> _WHAT YOU ARE ASKED TO DO_
Give back exactly the lines of the material below, starting with the line with "قلت: رواه ابن" and going on through the line with "Beautiful Unique Multi stone brass ring".

------ STUDY MATERIAL ------

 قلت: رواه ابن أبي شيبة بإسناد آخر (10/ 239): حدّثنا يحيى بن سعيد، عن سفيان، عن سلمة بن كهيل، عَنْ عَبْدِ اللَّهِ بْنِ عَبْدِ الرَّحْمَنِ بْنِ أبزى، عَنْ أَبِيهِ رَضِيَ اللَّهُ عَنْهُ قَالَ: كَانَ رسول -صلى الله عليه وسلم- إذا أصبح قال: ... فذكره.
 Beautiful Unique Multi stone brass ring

------
------ STUDY MATERIAL ------

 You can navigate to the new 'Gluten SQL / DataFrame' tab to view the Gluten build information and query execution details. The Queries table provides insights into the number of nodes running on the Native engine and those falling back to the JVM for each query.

------
------ STUDY MATERIAL ------

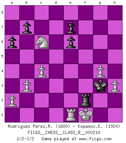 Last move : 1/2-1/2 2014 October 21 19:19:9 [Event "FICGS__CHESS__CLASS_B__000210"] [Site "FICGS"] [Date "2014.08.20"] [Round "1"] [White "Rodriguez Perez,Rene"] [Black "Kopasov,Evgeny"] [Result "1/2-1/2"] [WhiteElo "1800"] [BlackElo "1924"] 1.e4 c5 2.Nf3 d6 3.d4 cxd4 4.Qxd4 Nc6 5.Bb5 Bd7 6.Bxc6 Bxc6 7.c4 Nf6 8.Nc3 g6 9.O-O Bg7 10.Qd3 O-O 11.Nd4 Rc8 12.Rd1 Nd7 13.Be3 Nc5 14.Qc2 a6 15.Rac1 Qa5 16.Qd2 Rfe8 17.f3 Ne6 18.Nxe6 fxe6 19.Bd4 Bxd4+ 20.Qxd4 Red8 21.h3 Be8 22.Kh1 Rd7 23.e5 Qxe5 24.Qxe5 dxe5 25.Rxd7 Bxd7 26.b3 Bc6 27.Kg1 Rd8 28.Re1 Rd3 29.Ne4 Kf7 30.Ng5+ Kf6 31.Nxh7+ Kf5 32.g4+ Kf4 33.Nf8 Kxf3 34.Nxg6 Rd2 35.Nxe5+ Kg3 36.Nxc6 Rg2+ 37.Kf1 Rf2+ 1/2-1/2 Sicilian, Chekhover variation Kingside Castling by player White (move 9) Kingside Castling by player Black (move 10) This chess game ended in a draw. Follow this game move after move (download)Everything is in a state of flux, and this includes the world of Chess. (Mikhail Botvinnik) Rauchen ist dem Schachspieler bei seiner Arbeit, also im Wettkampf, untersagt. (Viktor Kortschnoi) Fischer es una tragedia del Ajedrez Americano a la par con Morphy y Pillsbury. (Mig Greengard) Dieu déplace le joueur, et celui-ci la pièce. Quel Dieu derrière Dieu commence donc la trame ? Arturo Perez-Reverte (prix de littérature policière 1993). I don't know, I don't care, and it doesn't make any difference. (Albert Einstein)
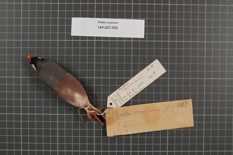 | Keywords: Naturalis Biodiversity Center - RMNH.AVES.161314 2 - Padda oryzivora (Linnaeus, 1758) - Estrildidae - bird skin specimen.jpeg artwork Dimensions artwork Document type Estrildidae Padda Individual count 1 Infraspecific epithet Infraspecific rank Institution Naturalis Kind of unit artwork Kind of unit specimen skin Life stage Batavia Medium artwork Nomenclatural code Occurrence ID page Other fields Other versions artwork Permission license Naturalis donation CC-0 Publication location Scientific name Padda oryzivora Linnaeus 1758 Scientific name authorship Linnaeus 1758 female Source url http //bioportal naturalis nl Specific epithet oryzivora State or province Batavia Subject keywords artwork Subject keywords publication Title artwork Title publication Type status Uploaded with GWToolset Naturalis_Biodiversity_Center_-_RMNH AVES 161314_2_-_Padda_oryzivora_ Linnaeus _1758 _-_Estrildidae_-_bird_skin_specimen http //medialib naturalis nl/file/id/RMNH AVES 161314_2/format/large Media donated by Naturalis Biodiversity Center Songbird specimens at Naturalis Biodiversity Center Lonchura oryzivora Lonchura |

------

> _SOLUTION FOR THIS PROBLEM_
 قلت: رواه ابن أبي شيبة بإسناد آخر (10/ 239): حدّثنا يحيى بن سعيد، عن سفيان، عن سلمة بن كهيل، عَنْ عَبْدِ اللَّهِ بْنِ عَبْدِ الرَّحْمَنِ بْنِ أبزى، عَنْ أَبِيهِ رَضِيَ اللَّهُ عَنْهُ قَالَ: كَانَ رسول -صلى الله عليه وسلم- إذا أصبح قال: ... فذكره.
 Beautiful Unique Multi stone brass ring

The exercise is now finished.